In this study, the average time to intubation in all critically ill patients was 15 seconds using the AIROD. For those patients who were critically ill and had a difficult airway, the time to intubation was also 15 seconds. A previous publication on consecutive COVID-19 patients with ARDS intubated using the AIROD also had an intubation time of 15 seconds (2). In the BEAM trial, the median time to intubation using the plastic bougie in all types of patients intubated in the emergency department was 38 seconds (1). In all critically ill patients, the AIROD was 23 seconds faster. Intubation with the AIROD took 40% of the time in those patients who were critically ill, including those with a difficult airway, as opposed to the plastic bougie. The decrease in time securing the airway may have an impact on overall decompensation and possible outcomes of the disease process. Further studies between low intubation time and disease outcome remain an area to be studied in the future. The decrease in intubation time using the AIROD was not accompanied by adverse events such as cardiac arrest or tissue damage.

During multiple intubations, the AIROD was used to lift the epiglottis and move the oropharyngeal tissue that was obscuring the vocal cords out of the way, improving the view of the vocal cords and allowing for successful tracheal intubation. The AIROD was also able to move copious secretions blocking the view of the glottis in a few patients including those patients receiving chest compressions. Even during blind intubation, including one time when the light on the laryngoscope failed, the AIROD provided tactile sensation to the tracheal rings known as “tracheal clicks” that helped ensure correct tracheal placement of the endotracheal tube (2).

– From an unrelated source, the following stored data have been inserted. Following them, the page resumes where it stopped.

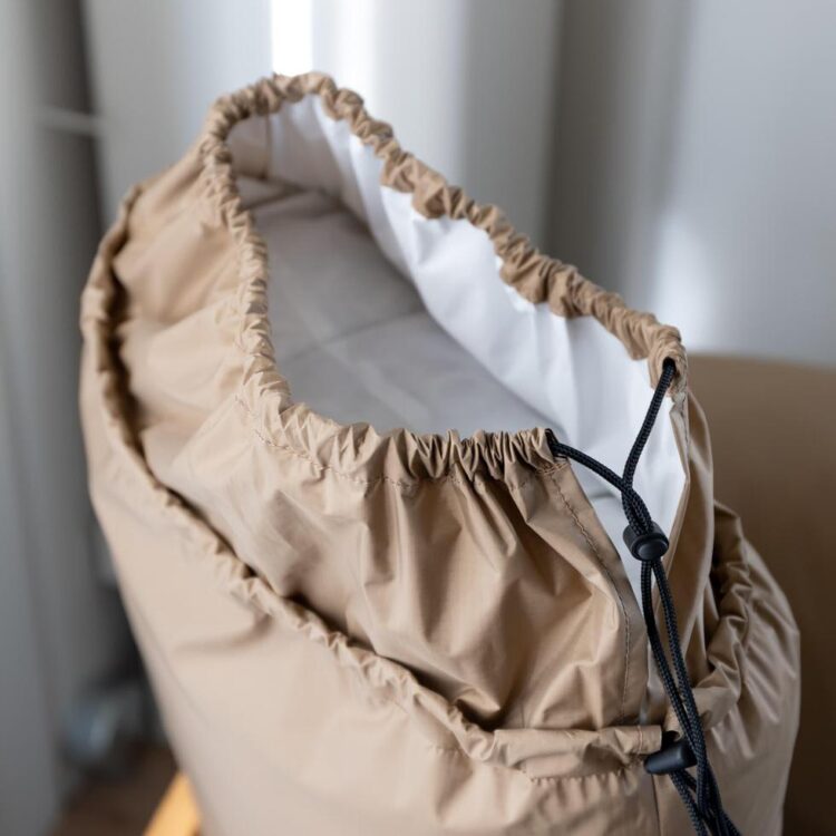 カバーの開閉は、スタッフサックのように巾着のコードをしめる仕様です。
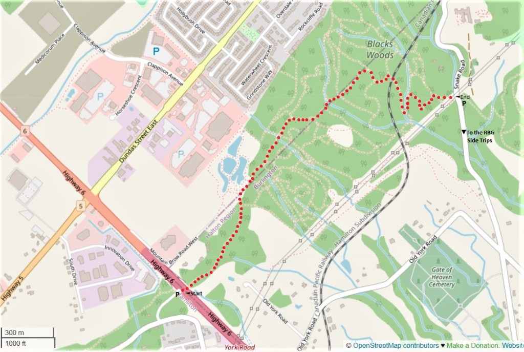 It’s possible to walk either along Plains Road West or via off-road trails between these three RBG sites. A Burlington Transit bus (#1 Plains) runs along Plains Road between Appleby GO Station and downtown Hamilton, linking all three RBG sites. This bus does not, however, offer effective transportation to either end of Hike #15.
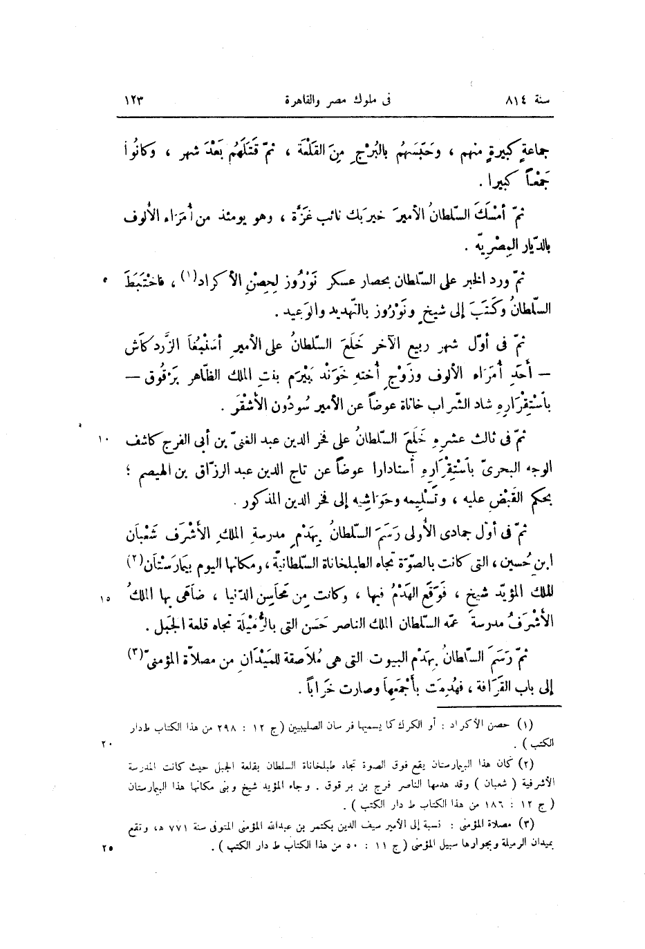 ثمّ رسم السّلطان بهدم البيوت التى هى ملاصقة للميدان من مصلّاة المؤمنىّ «3» إلى باب القرافة، فهدمت بأجمعها وصارت خرابا.
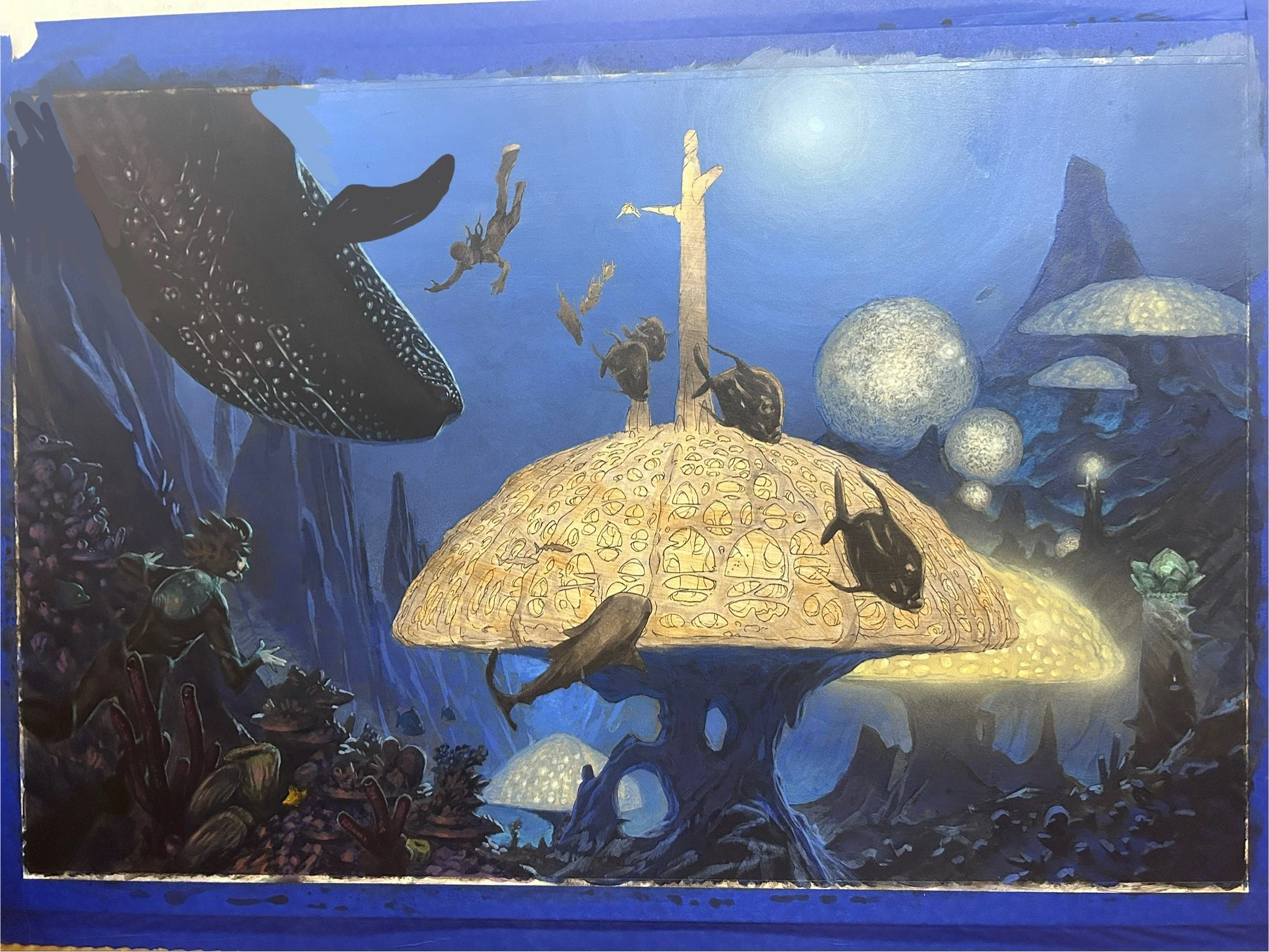 The buildings had to look futuristic, yet organic, somewhat biomechanical. I wanted to evoke a sense of wonder and awe, as well as abundance of life with fish and coral and a couple divers.
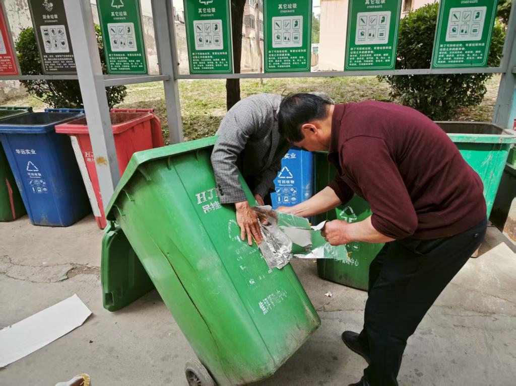 垃圾桶“煥新”:小修復(fù)省下大成本 該中心垃圾桶因長(zhǎng)期使用,部分出現(xiàn)裂縫、破損等問(wèn)題,若按常規(guī)換新,需投入不少費(fèi)用。管理中心職工主動(dòng)踐行“賺錢思維”,自發(fā)組成“修復(fù)小隊(duì)”。他們準(zhǔn)備好強(qiáng)黏合力防水膠帶、鐵絲等材料,對(duì)破損垃圾桶進(jìn)行“手術(shù)”,先用鐵絲對(duì)裂縫處打孔縫合加固,再用膠帶分別對(duì)垃圾桶內(nèi)外進(jìn)行粘補(bǔ),一番操作后,原本“傷痕累累”的垃圾桶又重新“上崗”。

This study is limited by its small sample size and retrospective nature, and by that fact that not all intubations were timed because of the emergent nature of some of the intubations. The inventor of the AIROD did most of the intubations and others might not achieve equal results. A prospective trial on the timing of first-pass intubation success using the AIROD would be most useful to confirm the findings in this study.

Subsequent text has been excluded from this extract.